Steve Lindahl (slindahl) | 8 comments Jane, You're right. The daughter I was thinking of was Charlie, Lou's daughter. The section that confused me was when Rolph returned to the tent and got into bed in a cot near his sister. "He assumes that Charlie is asleep. When she speaks, he can hear in her voice that she's been crying." There was something going on between Charlie and one of the guides, so I thought that might have been the cause, but it could have been as simple as wanting to go on the walk with her father.

As for the sections when I wasn't sure whose point of view we were in, there were a couple of those. One was the chapter entitled "You (Plural)." It took me a long time to determine that it was written from Jocelyn's pov. In all those cases I found out who was thinking eventually, but some sections took longer than others.

I feel this book is the kind of novel that makes the reader work. Overall, I think that's a good thing.


message 20: by Jane (new)

Jane | 2278 comments I am with Ruth on this one. I read this about a year ago and I didn't like it at all. I don't know why now, but I didn't like Egan's THE KEEP either.

Carry on!


message 21: by Ruth (new)

Ruth | 11170 comments Jane wrote: "I am with Ruth on this one. I read this about a year ago and I didn't like it at all. I don't know why now, but I didn't like Egan's THE KEEP either.!"

Nor did I, altho it's quite a different book.


message 22: by Ann D (last edited Sep 17, 2012 06:32AM) (new)

Ann D | 3939 comments A VISIT FROM THE GOON SQUAD.
Can we discuss the title?

I think it has to do with the destruction that time imposes on us all. Time especially seems to be a theme in this novel because the stories go back and forth to different periods in the past and even the future.

Bosco , the sick, aging rock star wants Stephanie to document every humiliating detail of his final concert. He says, “This is reality, right? You don’t look good anymore twenty years later, especially when you’ve had half your guts removed. Time’s a goon right? Isn’t that the expression?”
Jules, Stephanie’s brother with serious mental health issues, says “I’ve never heard that.”

I’ve never heard that either. Has anyone else? Is this the same as saying, “Time is a bully”?

In the last story, when Bennie is desperately trying to get Scotty to go on stage, he says to him “Time’s a goon, right? You gonna let that goon push you around?”

Scotty replies, “The goon won.”

Of course, maybe Scotty beats time (the goon) this once, since he does go on to give a wildly popular performance.

Any thoughts?


message 23: by Ruth (new)

Ruth | 11170 comments Good catch, Ann. The goon squad is the guys they send to beat you up.


message 24: by Janet (new)

Janet Leszl | 1163 comments Partly due to life getting in the way, I haven't finished this book- I’ve only read 45%. Partly I'm not sure I want to finish it. Yet sometimes I enjoyed the writing and other times elements bugged me.

As has been previously mentioned it seemed rather disjointed and the digressions left me wondering if there was a point to them or not. For example, on the African safari with Lou's kids, the author goes off on a tangent about what happens to a warrior and his descendant 35 years in the future. Do all these tangents really come into play later?

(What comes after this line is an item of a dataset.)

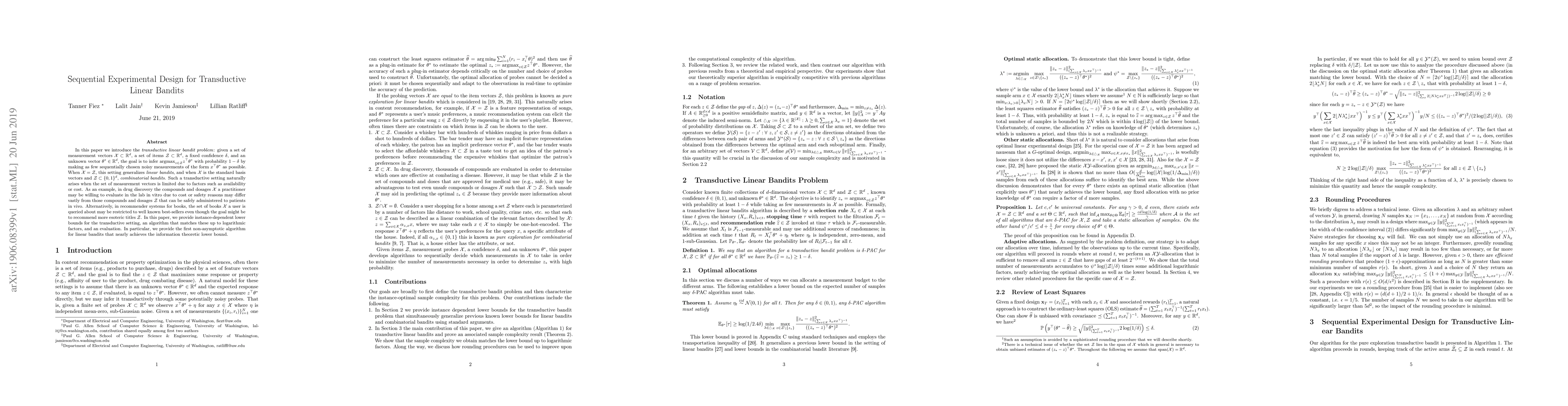 In this paper we introduce the transductive linear bandit problem: given a set of measurement vectors $\mathcal{X}\subset \mathbb{R}^d$, a set of items $\mathcal{Z}\subset \mathbb{R}^d$, a fixed confidence $\delta$, and an unknown vector $\theta^{\ast}\in \mathbb{R}^d$, the goal is to infer $\text{argmax}_{z\in \mathcal{Z}} z^\top\theta^\ast$ with probability $1-\delta$ by making as few sequentially chosen noisy measurements of the form $x^\top\theta^{\ast}$ as possible. When $\mathcal{X}=\mathcal{Z}$, this setting generalizes linear bandits, and when $\mathcal{X}$ is the standard basis vectors and $\mathcal{Z}\subset \{0,1\}^d$, combinatorial bandits. Such a transductive setting naturally arises when the set of measurement vectors is limited due to factors such as availability or cost. As an example, in drug discovery the compounds and dosages $\mathcal{X}$ a practitioner may be willing to evaluate in the lab in vitro due to cost or safety reasons may differ vastly from those compounds and dosages $\mathcal{Z}$ that can be safely administered to patients in vivo. Alternatively, in recommender systems for books, the set of books $\mathcal{X}$ a user is queried about may be restricted to well known best-sellers even though the goal might be to recommend more esoteric titles $\mathcal{Z}$. In this paper, we provide instance-dependent lower bounds for the transductive setting, an algorithm that matches these up to logarithmic factors, and an evaluation. In particular, we provide the first non-asymptotic algorithm for linear bandits that nearly achieves the information theoretic lower bound.

And I agree that with a few of the chapters it takes a while to figure just whose point of view is the current dominant one. I don’t mind needing to think about a book to get a deeper meaning but I didn’t like having to read quite a few pages into a chapter only to discover it was a different female band member than I thought it was at first.

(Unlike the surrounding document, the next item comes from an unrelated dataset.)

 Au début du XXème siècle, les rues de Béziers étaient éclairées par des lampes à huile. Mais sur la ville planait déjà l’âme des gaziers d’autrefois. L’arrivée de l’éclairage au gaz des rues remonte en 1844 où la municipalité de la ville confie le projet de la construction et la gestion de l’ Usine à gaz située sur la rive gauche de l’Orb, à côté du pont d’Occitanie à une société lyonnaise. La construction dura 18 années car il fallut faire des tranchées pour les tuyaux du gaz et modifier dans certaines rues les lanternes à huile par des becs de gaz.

message 25: by Carol (new)

Carol | 7657 comments This book did not interest me at all, but I am enjoying the discussion.

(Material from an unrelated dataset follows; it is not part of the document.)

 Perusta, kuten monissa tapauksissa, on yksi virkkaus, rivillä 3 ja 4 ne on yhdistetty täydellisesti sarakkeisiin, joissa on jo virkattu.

message 26: by Ann D (last edited Sep 17, 2012 03:47PM) (new)

Ann D | 3939 comments Janet,
I really thought that the book got stronger as it went. At least the later stories appealed to me more. Also, as you read on, you find that many of the same characters reappear at other stages in their lives in other stories. I found this very interesting.

Sasha's story is told with the most detail through several stories. Bennie seems to be on a downward slide through most of the book, but he keeps reappearing. And so on...

Then again, some characters are more or less dropped with just a few sentences to let you know what happened to them later - for example, Rhea. That dis jointedness bothered me some.


message 27: by Jane (last edited Sep 17, 2012 03:10PM) (new)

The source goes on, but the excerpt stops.